Otherwise, the authentication cookie was most likely received from
a client that does not support origin checking. The method then
proceeds to block 310 to continue processing the request.
[0052] Otherwise, the server checks to determine if a composite
client ID value has also been received (block 306). If a composite
client ID has been received, it is compared to the decrypted
composite client ID in the authentication cookie (block 308). If
they match, the request is most likely from the same client that
previously requested personalized or private data. The server
continues to process the request (block 310).
[0053] If a composite client ID is not received at block 306, or if
the composite client ID does not match the decrypted composite
client ID from the authentication cookie, then the server
de-authenticates the client (block 312). Here the server may refuse
to provide personalized or private data to the requesting client on
the assumption that a different client issued the request than the
original client. In some embodiments, the server may re-issue a
sign-on request page in order to have the client provide the
appropriate credentials (e.g. user ID and password) in order to
allow the client to view the personalized or private data.

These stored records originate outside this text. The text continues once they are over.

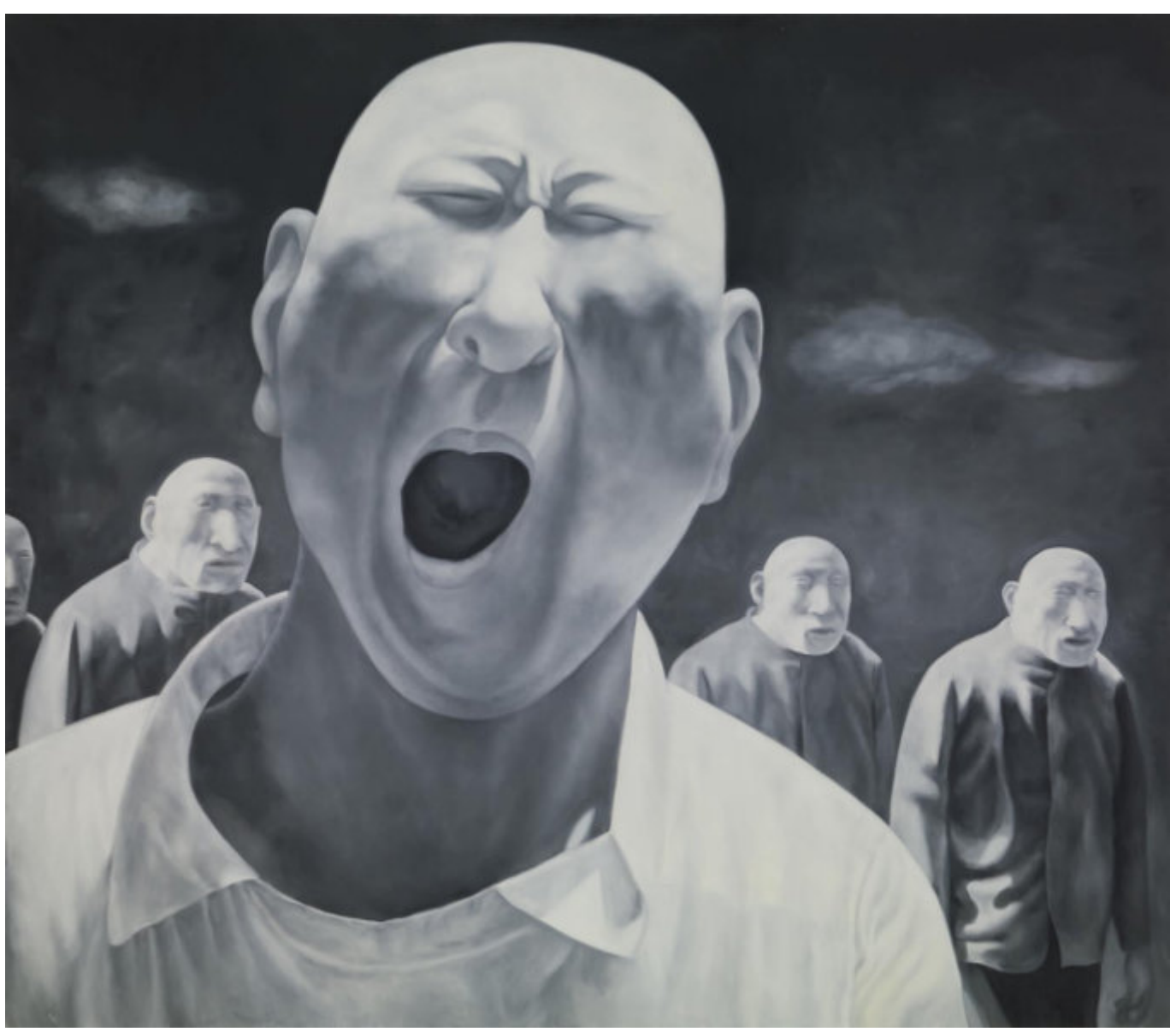
AFTER FANG LIJN. 2009
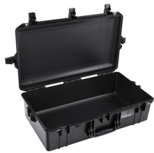
1605NF No Foam
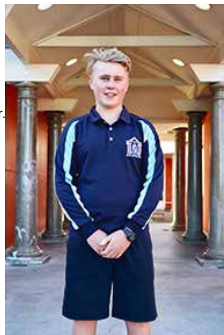
New style winter shirt

When hiring blazers & grey pants each student pays for the time used for each specific event. It is very frustrating when staff have to chase up students who have not returned uniform – especially if it was hired for weekend use only. We look forward to receiving the rugby season hires back into stock in good condition as soon as the rugby season has ended and would be very grateful if parents can ensure this happens promptly.
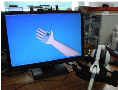
Figure 4: Experiment system with PHANTOM Omni.

It was evaluated whether subjects could compare virtual object size with real one. The number of right-handed subjects was nine and they did not have any experience of this system before experiments. The number of real object was eleven and the size was 100mm height and 10mm thicknesses, and the width was 20–70mm at 5mm intervals. The number of virtual object was also eleven just like real one. Every subject tried two times tasks for two given real objects. The task was to check a given real object first, then to try to select a same size virtual object from eleven virtual one (R→V). And they tried second tasks in the same way as first task (V→R). The result is shown in Table 1 . There were many correct answers and no error more than 10mm. We found that subject could see the size of virtual object from vibration feedback.
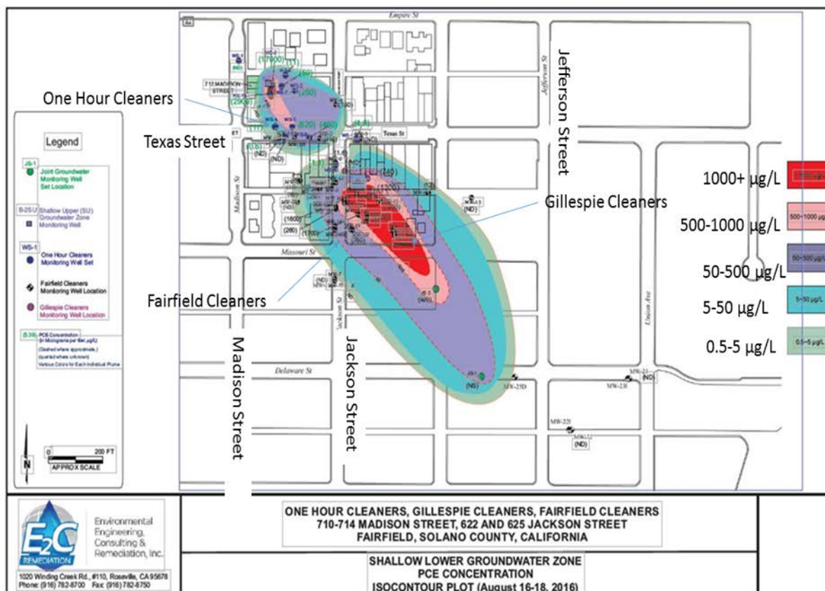
Figure 1. Map of solvent plume in groundwater and locations of overlying drycleaner sites

For several years, dischargers at the three sites disagreed about their relative contributions to the commingled groundwater plume and an appropriate cleanup strategy. Several of the dischargers had old insurance policies that potentially covered the releases, and discussions with the insurers complicated matters. Water Board staff encouraged a collaborative approach but without initial success.
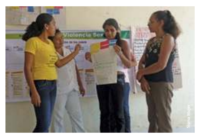
Women participate in a workshop run by Sisma Mujer

As the former UN Special Representative on Sexual Violence in Conflict, Margot Wallström, said in her May 2012 visit to Colombia, 'I understand that the country as a whole wants to look to the future, instead of dwelling on the past, but there can be no lasting peace without security and peace for women.' 172
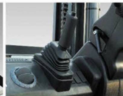
棘齿式驻车制动器 Ratchet type parking brake
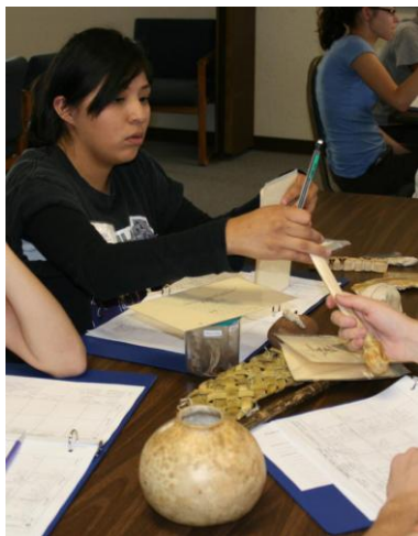
Skye learns the timeline of Ancestral Puebloan archaeology through the "Windows into the Past" curriculum
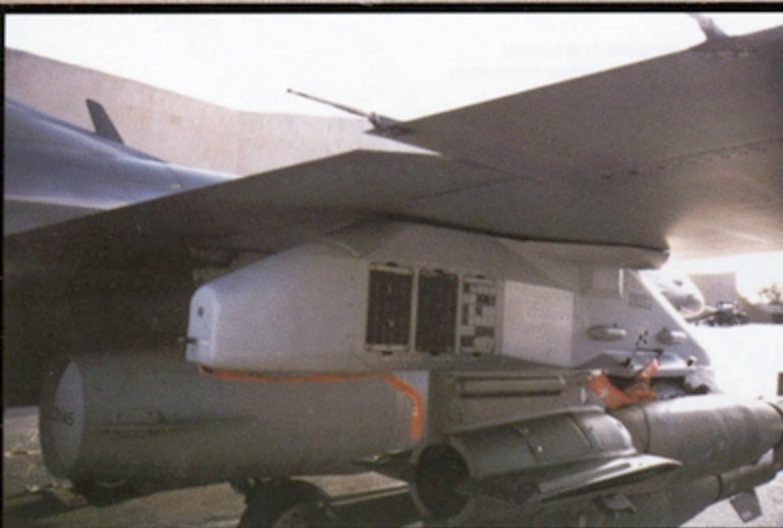
PIDS Pylon mounted on CO ANG A/C 284. Both the COANG and the AL ANG used these pylons during their OIF deployment

Couldn't have done it without you guys!!
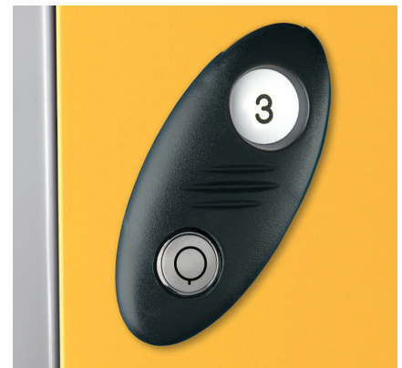
3. Radial Pin Lock TYPE C
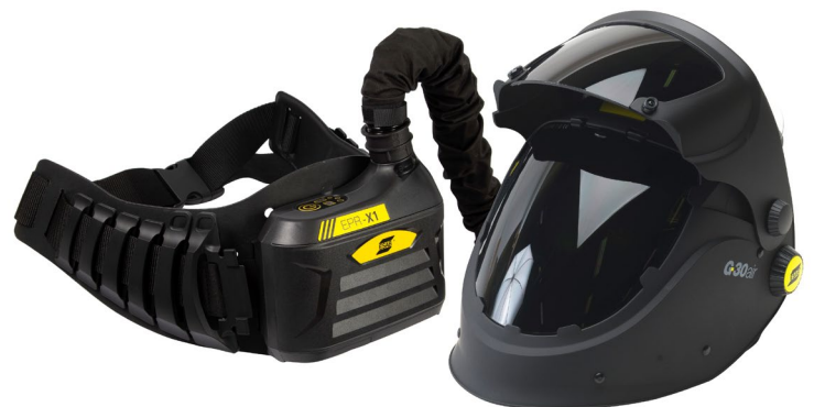
G30 Air with ESAB PAPR
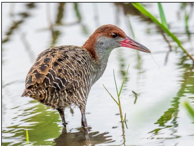
Slaty-breasted Rail

views of three Brown-headed Barbets, along with Rose-ringed and Layard's Parakeets.
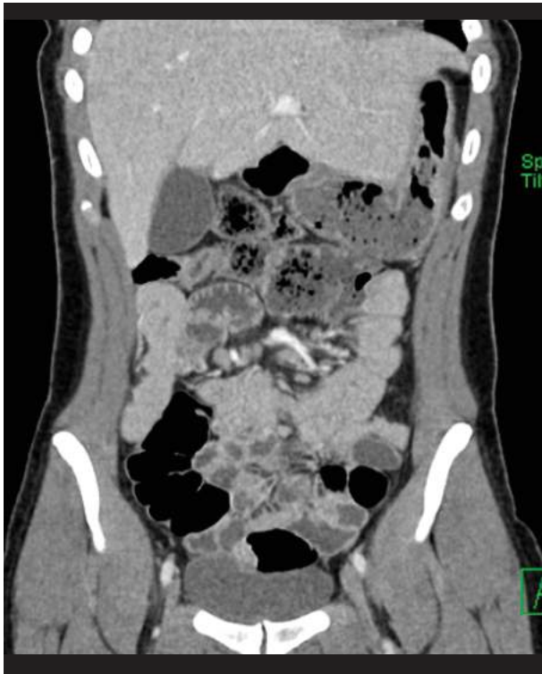
Figure 3. 24 hours after admission. Multislice spiral tomography of the abdomen and pelvis, presence of air in the intestines in the right iliac fossa and pancreas.

Subsequently, with the abdomen's multislice spiral tomography pelvis's help, imaging studies that were not conclusive and given the persistence of the symptoms of intensity abdominal pain in the right iliac fossa (9/10). Positive McBurney sign; acute abdominal pain syndrome problems were raised, with a possible point of appendicular origin.
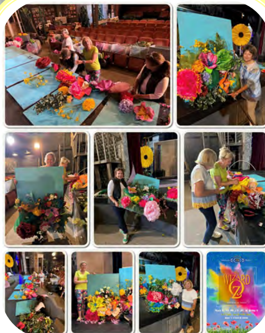
Members of the GFWC Hartwell Service League helped with stage décor for the Hart County Community Theatre's production of The Wizard of Oz , scheduled from May 17 to June 2. Members showcased their talents by making floral decorations for Munchkinland.
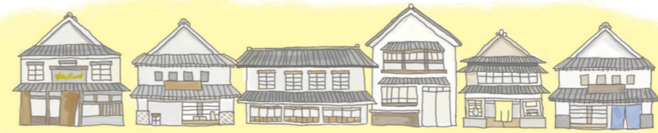
Name : Preservation District for Groups of Historic Buildings Arita Uchiyama Division : Important Preservation District for Groups of Historic Buildings

At the beginning of the 17th century, Arita, the first place in Japan where the porcelain industry succeeded, was under direct control of the feudal clan of Saga. The center of Arita was called "The 1000 houses of Arita". In 1828 a big fire destroyed large parts of the town and the present townscape was rebuilt on the remaining foundations. This townscape was selected as an Important Preservation Districts for Groups of Historical Buildings.
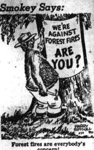
Forest fires are everybody's concern!
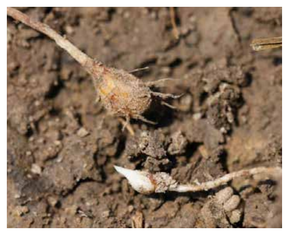
Figure 2. This image shows a mature yellow nutsedge tuber (the brown structure on top) and a yellow nutsedge tuber forming on the tip of a rhizome.

Yellow nutsedge is most problematic in turf that is mown too short, and it thrives in areas where soils remain moist from poor drainage or overwatering. However, yellow nutsedge can also be a problem in well-drained areas, especially thin turf.
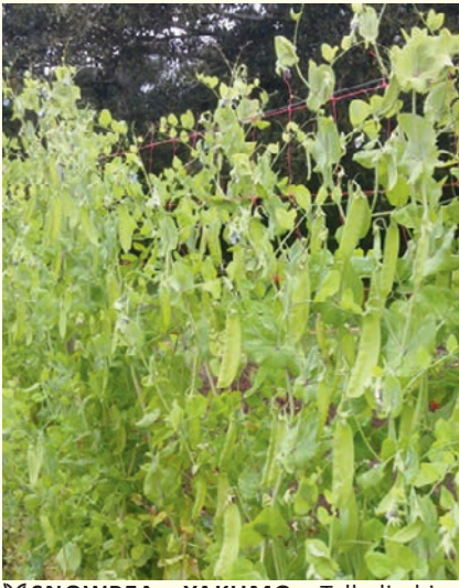
★ SNOWPEA - YAKUMO - Tall climbing Snowpea 2-2.5m,long flat pods to 13cm, purple flowers. (We cannot send to TAS.) Eden Seeds: Packet 50 seeds $3.70, 400g $19.00, 800g $34.00, 4kg $160.00

★ SNOWPEA - OREGON GIANT - Large dark green pods, plant to 1m tall, powdery mildew resistant and some root rot resistance. (We cannot send to TAS.) Eden Seeds: Packet 145 seeds $3.70, 400g $15.00, 800g $24.00, 4kg $110.00
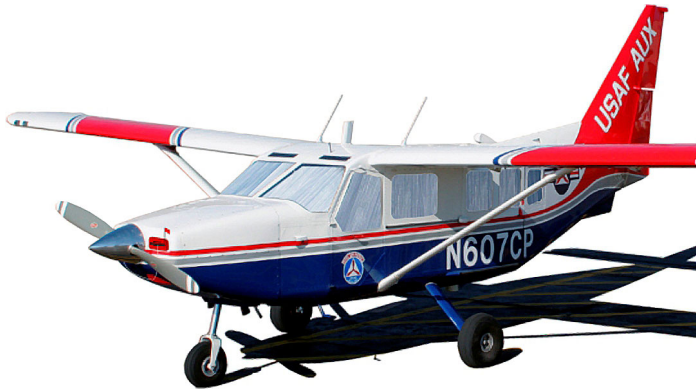
Covers, Plugs & HeatShields for the Gippsland GA-8 Airvan

Cockpit Heatshields are interior sunshades for the aircraft's cockpit. The product is a unique composite of closed-cell foam with a silver mylar finish. The semi-rigid design is stiff enough to stand inside the window framing. The set folds up flat and is easily stored in the included storage sleeve. Some designs may require velcro and suction cups. A Heatshield is an excellent short-term remedy for cockpit overheating, but an external fabric cover is more effective for long-term protection.
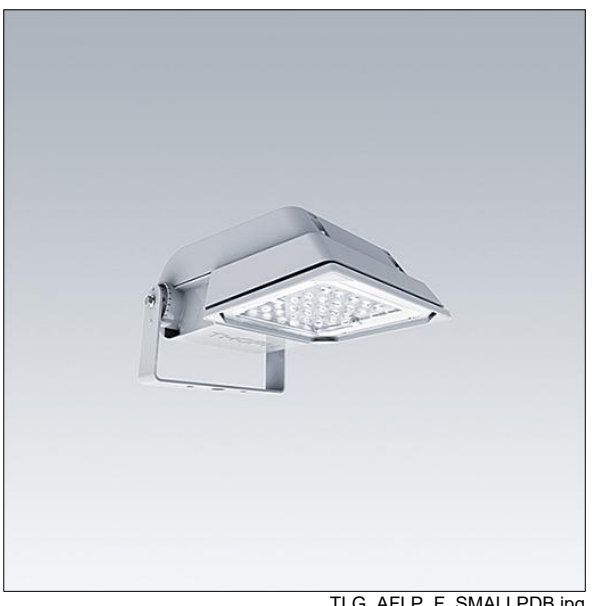
TLG AFLP F SMALLPDB.jpg
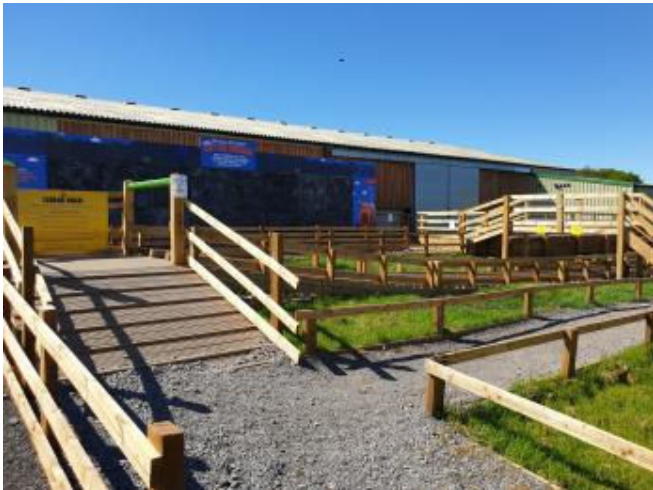
Entrance / Starting Ramp
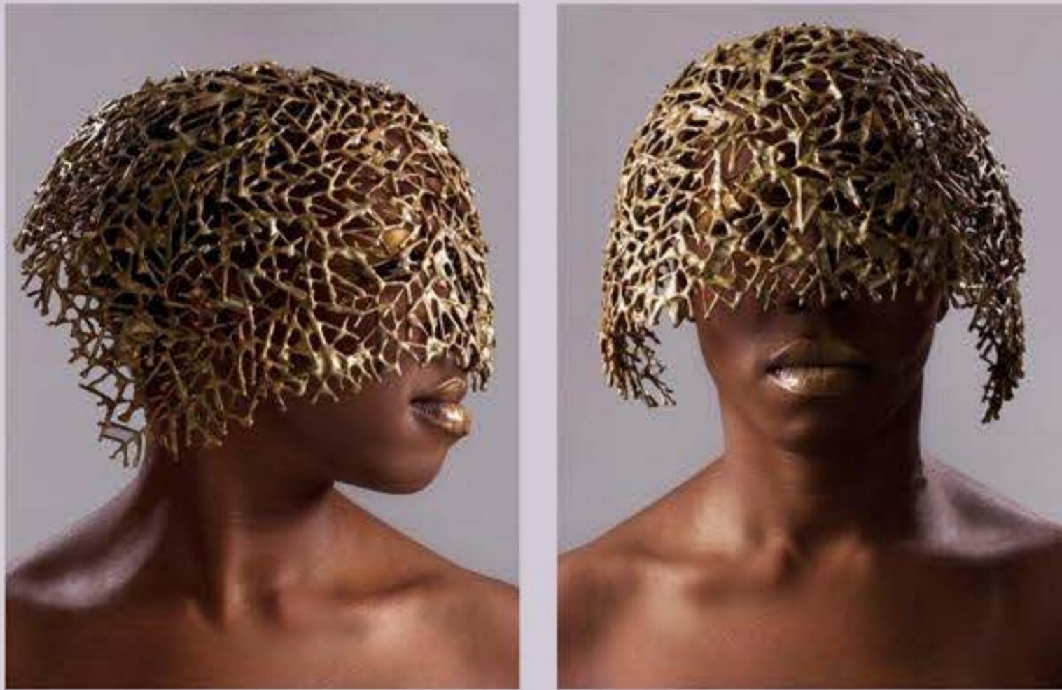
"Brain Cap", 2009

[0054] In some cases, a user may disallow cookies during a browser
session. In this case, the server may detect that a composite
client ID is not received and re-issue a sign-on request page
forcing the user provide the appropriate credentials to regain
access to pages containing personalized or private data. If cookies
are disallowed, the server will not receive composite client ID
values in subsequent responses and in some embodiments the server
will no longer check to make sure requests for personalized data
are coming from the same client as previous requests.
[0055] Similarly, a user may delete cookies during a browser
session. Like the case described above, the server may detect that
a composite client ID is not received and re-issue a sign-on page
forcing the user provide the appropriate credentials to regain
access to pages containing personalized or private data. However in
this case, a subsequent response will contain a new composite
client ID value, and the server will continue to check to make sure
requests for personalized data are coming from the same client as
previous requests using the new composite client ID values
generated when the user provides sign-on credentials to request
personalized or private data.
[0056] FIG. 5 is a block diagram illustrating an example message
sequence produced in accordance with embodiments of the invention.
The example message sequence begins when client 120 issues request
502 to server 110 to obtain a sign-in page. The request may be
routed through a proxy server 104.
[0057] Server 110 then creates a GUID (Globally Unique Identifier)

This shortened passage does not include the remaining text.